Business Combination Agreement
On October 19, 2025 (the “Signing Date”), the Company (which will domesticate as a Delaware corporation prior to the Closing), entered into a Business Combination Agreement (the “Business Combination Agreement”) with Evernorth Holdings Inc., a Nevada corporation (“Pubco”), Pathfinder Digital Assets LLC, a Delaware limited liability company (“Pathfinder”), Evernorth Corporate Merger Sub Inc., a Delaware corporation and wholly owned subsidiary of Pubco (“SPAC Merger Sub”), Evernorth Company Merger Sub LLC, a Delaware limited liability company and wholly owned subsidiary of Pubco (“Company Merger Sub”), and Ripple Labs Inc., a Delaware corporation (“Ripple”).
Pursuant to the Business Combination Agreement, and subject to the terms and conditions set forth therein, upon the consummation of the transactions contemplated thereby (the “Closing” and the date and time at which the Closing is actually held, the “Closing Date”), (a) Company Merger Sub will merge with and into Pathfinder, with Pathfinder continuing as the surviving company (the “Pathfinder Merger”), with holders of Pathfinder units (each, a “Pathfinder Unit”) receiving one share of Class A common stock, par value $0.001 per share, of Pubco (“Pubco Class A Common Stock”) for each Pathfinder Unit, subject to certain reductions and other limitations imposed on the Ripple Parties as set forth in the Business Combination Agreement, and (b) simultaneously with the Pathfinder Merger, SPAC Merger Sub will merge with and into the Company, with the Company continuing as the surviving entity (the “SPAC Merger” and, together with the Company Merger, the “Mergers” and, together with the other transactions contemplated by the Business Combination Agreement and the Ancillary Documents, the “Transactions”), with (x) shareholders of the Company receiving one share of Pubco Class A Common Stock for each Common Share held by such shareholders and (y) warrant holders of the Company receiving one warrant to purchase one share of Pubco Class A Common Stock for each warrant to purchase one SPAC Class A Share held by such warrant holders, in accordance with the terms and subject to the conditions set forth in the Business Combination Agreement.
Upon the consummation of the Mergers and the Transactions, Pubco will become a publicly traded company.
In connection with the Closing, Pubco will have authorized three classes of Pubco common stock with different voting and economic rights.

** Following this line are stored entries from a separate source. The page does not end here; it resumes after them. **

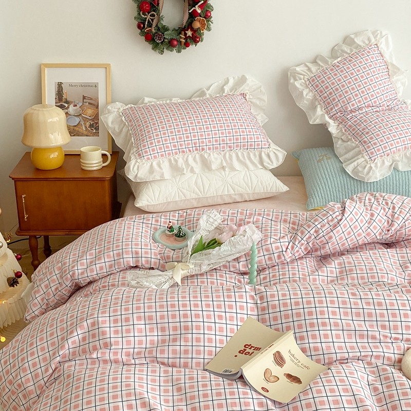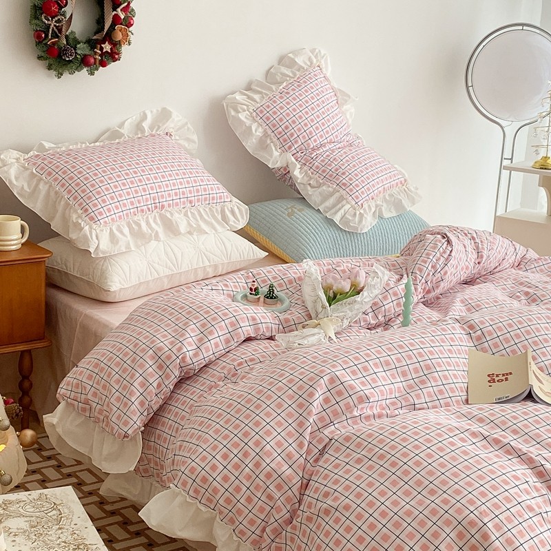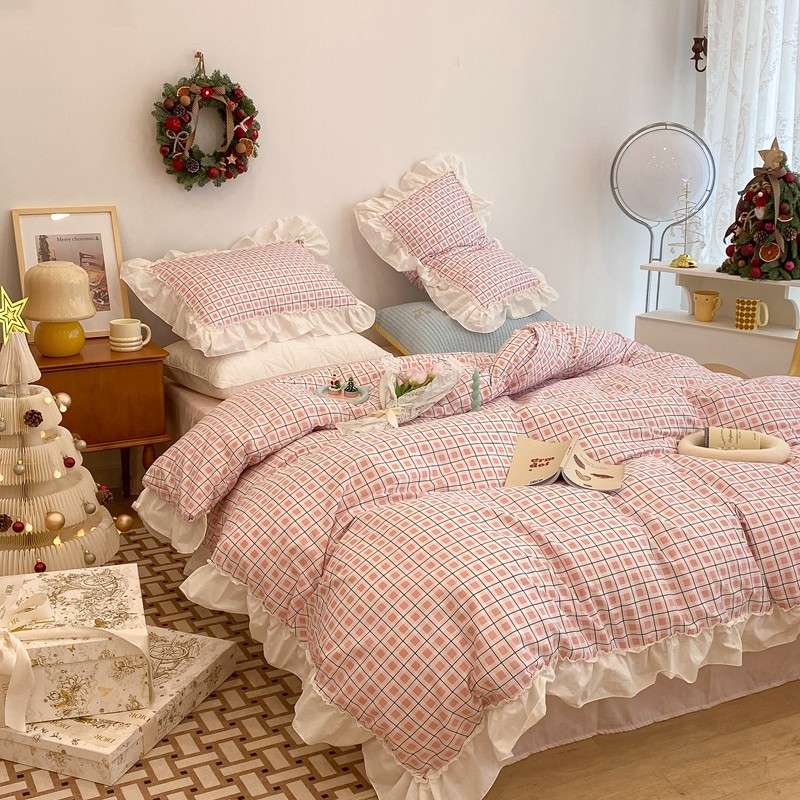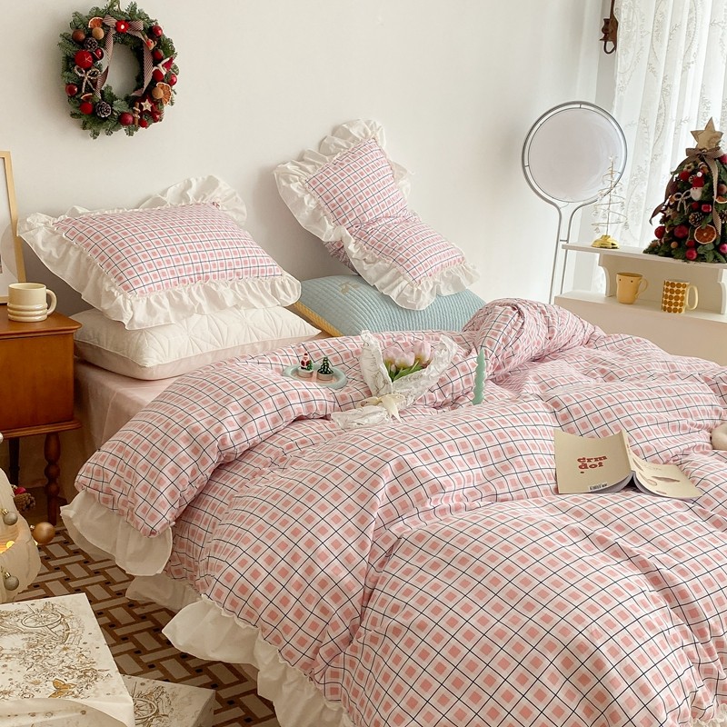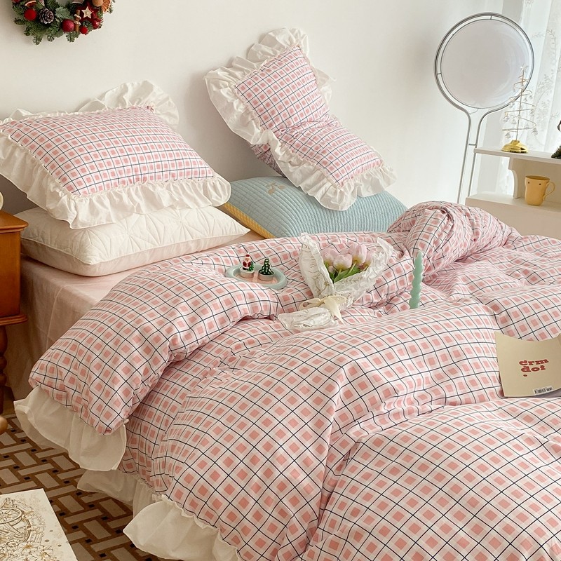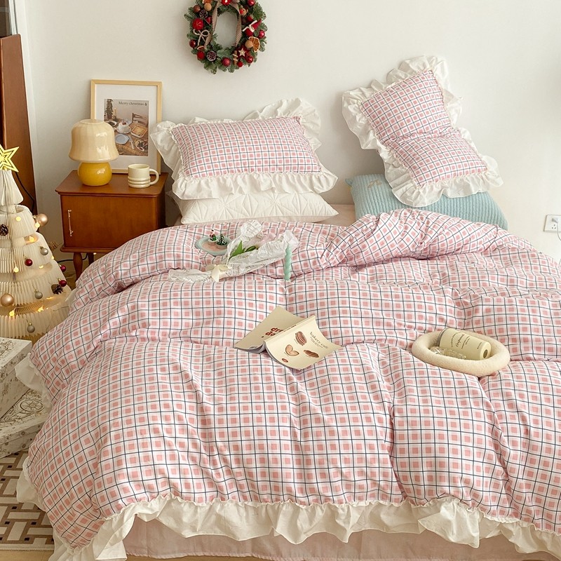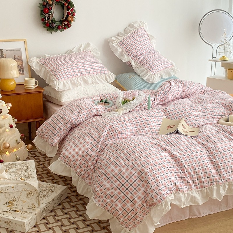 昔可2022新款花边格子系列四件套 士多啤梨粉
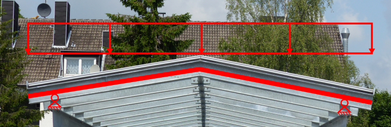 Vertikale Belastungen wie Eigengewicht und Schneelasten werden von den Dachträgern in die Durchlaufträger geleitet, welche die Lasten der Dachträger in die Stützen leiten. Von den Stützen werden die Kräfte anschließend in den Untergrund geleitet. Da die Stützen rein gelenkig gelagert sind, kann eine gegenseitige Verschiebung der Stahlträger durch Horizontallasten, wie beispielsweise Windlasten, nicht verhindert werden. Die Zugbänder dienen dazu, die horizontalen Kräfte aufzunehmen und auf die Stützen umzuleiten. Es sind jeweils zwei entgegengesetzte Zugdiagonalen angeordnet, die je nach Richtung der Lasten auf Zug beansprucht werden.
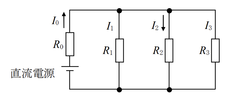 $$\begin{eqnarray} I_0&=&I_1+0.3+I_3=1.5 \end{eqnarray}$$また、並列接続の抵抗に加わる電圧は等しいので、以下も成り立ちます。
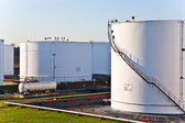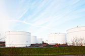 biały zbiornik w zbiorniku gospodarstwa z niebieskim niebem
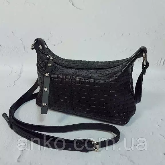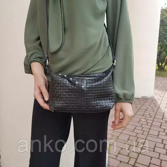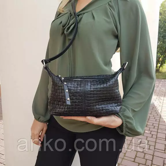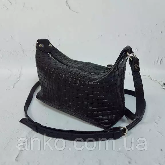 Сумка женская "Лилу" натуральная кожа, черная с тиснением венето
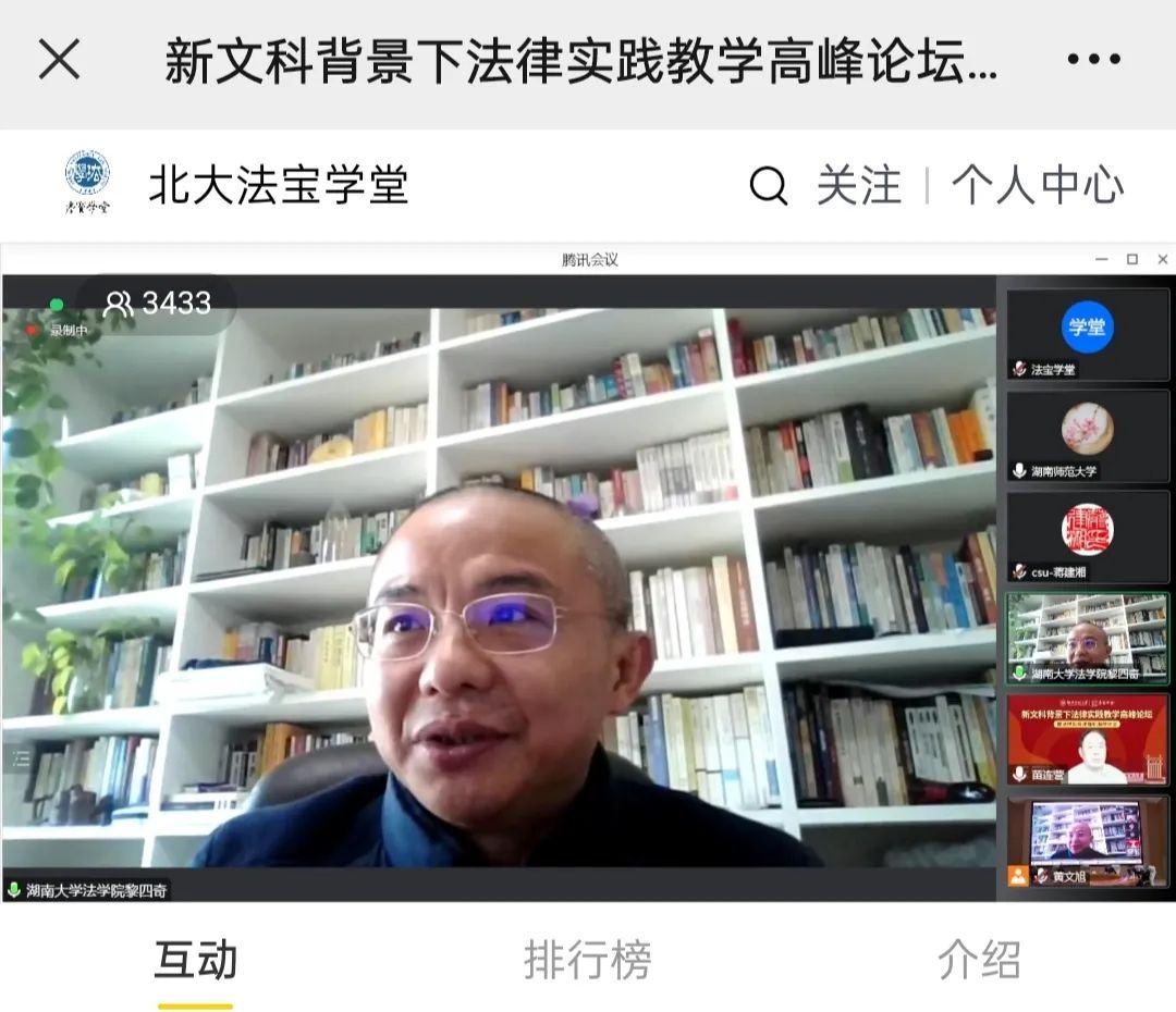 院长黎四奇教授就“新文科背景下法律实践教学暨法律实务课程标准”等相关主题参会与谈分享。 他介绍了棋牌游戏官网
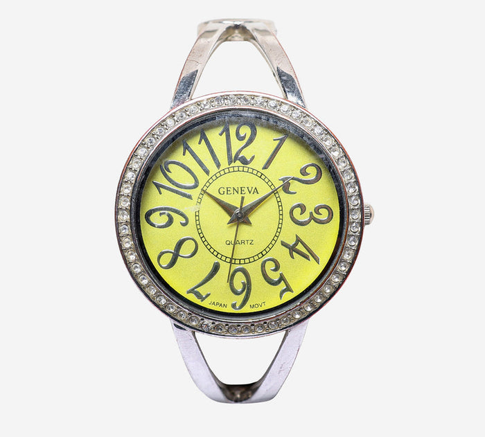 Geneva Rewound Silvered Colored and Yellow Metal Bracelet Quartz Analog Watch 35mm
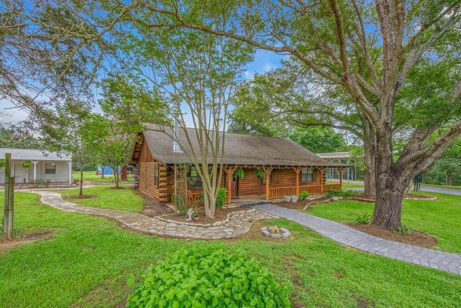 Welcome to your private retreat on 17.6+/- beautiful acres, offering a perfect blend of open spaces and mature woods. This unique property includes two residences and is accommodating for those seeking space, serenity, and flexibility. The main home is a rustic and comfortable log cabin that exudes warmth and charm, featuring natural wood accents, cozy living areas, a gorgeous updated kitchen area, and picturesque views of the surrounding landscape. The 1/1 "cottage" is fitting for extended family and friends, an Airbnb, or overflow for weekend gatherings. Additional highlights include a 18x30 RV station with concrete slab, electricity, water, and connected to septic and a 12x24 storage building. Whether you're looking for a peaceful homestead, a hunting property, or a weekend getaway, this versatile property just 25 minutes to Kyle Field has endless potential. Schedule your private showing today!
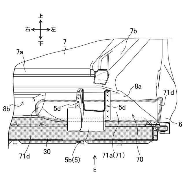 バッテリユニットは、高重量かつ大容量である。そのため、バッテリユニットは、面積の広いフロアパネルの下方に拡がるように配設されるのが一般的である。
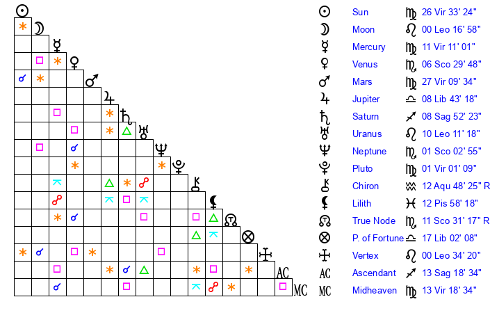 | Sun | 26 Virgo 33 | 27 Virgo 5 | 4 Sagittarius 16 |
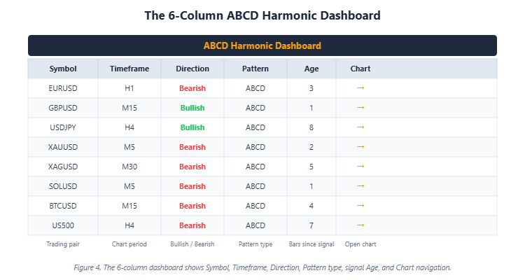 Determine 4. The 6-column dashboard reveals each detected ABCD sample throughout all monitored symbols and timeframes.
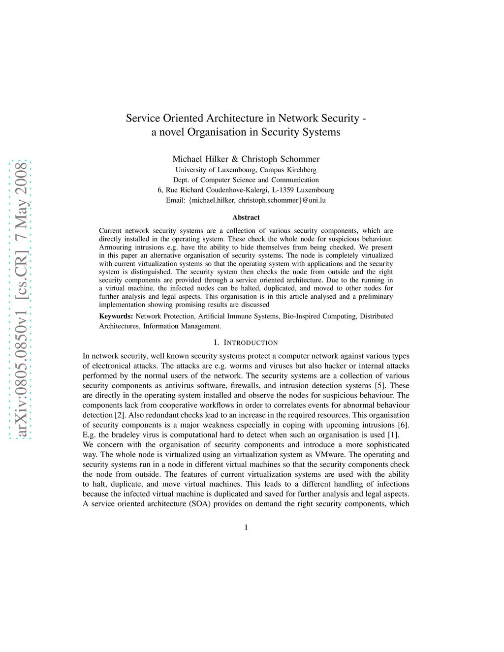 Current network security systems are a collection of various security components, which are directly installed in the operating system. These check the whole node for suspicious behaviour. Armouring intrusions e.g. have the ability to hide themselves from being checked. We present in this paper an alternative organisation of security systems. The node is completely virtualized with current virtualization systems so that the operating system with applications and the security system is distinguished. The security system then checks the node from outside and the right security components are provided through a service oriented architecture. Due to the running in a virtual machine, the infected nodes can be halted, duplicated, and moved to other nodes for further analysis and legal aspects. This organisation is in this article analysed and a preliminary implementation showing promising results are discussed.
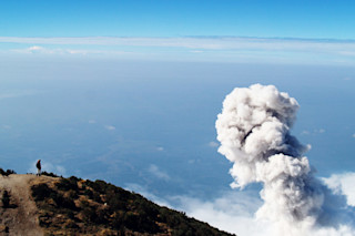 In general, you can estimate plume height with an equation that relies on knowing something about the energy released during the explosion. If the eruption is a discrete explosion (rather than constant input of new magma), the height of the plume can be estimated as HT (height of the plume) = 1.37Q1/4, where Q is the energy released in joules. The relationship is a fractional exponent, so the plume height gets taller but at a declining rate, limiting the potential height of the plume even as you add more energy. You can get at that estimate of energy by looking at the eruption rate—how much stuff is coming out per second. The plumes from the recent explosions at Santiaguito have reached over 7 kilometers (20,000 feet) above sea level.
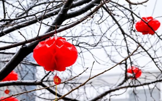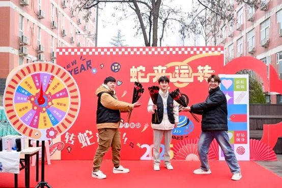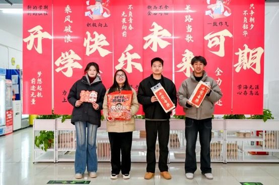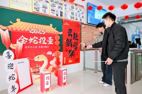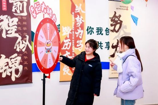 宿舍大厅的“福气迎春神”、“福气摘喜糖”

The Pubco Class A Common Stock will be entitled to economic rights, including the right to receive distributions in proportion to the number of shares held, and will be listed for trading on Nasdaq or another national securities exchange. Each share of Pubco Class Common A Stock will be entitled to one vote per share. Shares of Class B common stock, par value $0.001 per share, of Pubco (the “Pubco Class B Common Stock”) will be entitled to one vote per share but will not have any economic rights and will not be listed for trading or transferable unless a corresponding number of units of Pathfinder as the surviving Company after the Pathfinder Merger (the “Company Surviving Subsidiary”) are transferred to the same person. However, no shares of Pubco Class B Common Stock are expected to be issued or outstanding immediately following the Closing. Shares of Class C common stock, par value $0.001 per share, of Pubco (the “Pubco Class C Common Stock” and, together with the Pubco Class A Common Stock and the Pubco Class B Common Stock, the “Pubco Stock”) will be entitled to economic rights, including the right to receive distributions in proportion to the number of shares held, but will have no voting rights except as required by the Nevada Revised Statutes and will not be listed for trading or transferable, and will be convertible into Pubco Class A Common Stock at the election of the holder from time to time.
Amended and Restated Registration Rights Agreement
Concurrently with the Closing of the Business Combination Agreement, Pubco, the Company, the New Sponsor and certain securityholders listed therein will enter into a registration rights agreement that will amend and restate the registration rights agreement entered into at the time of the Company’s initial public offering between the Company, the New Sponsor and certain securityholders listed therein (as amended, the “Amended and Restated Registration Rights Agreement”), pursuant to which Pubco will assume the registration obligations of the Company under such registration rights agreement, with such rights applying to the shares of Pubco Class A Common Stock, Class B common stock (the “Pubco Class B Common Stock”) and Pubco Class C Common Stock.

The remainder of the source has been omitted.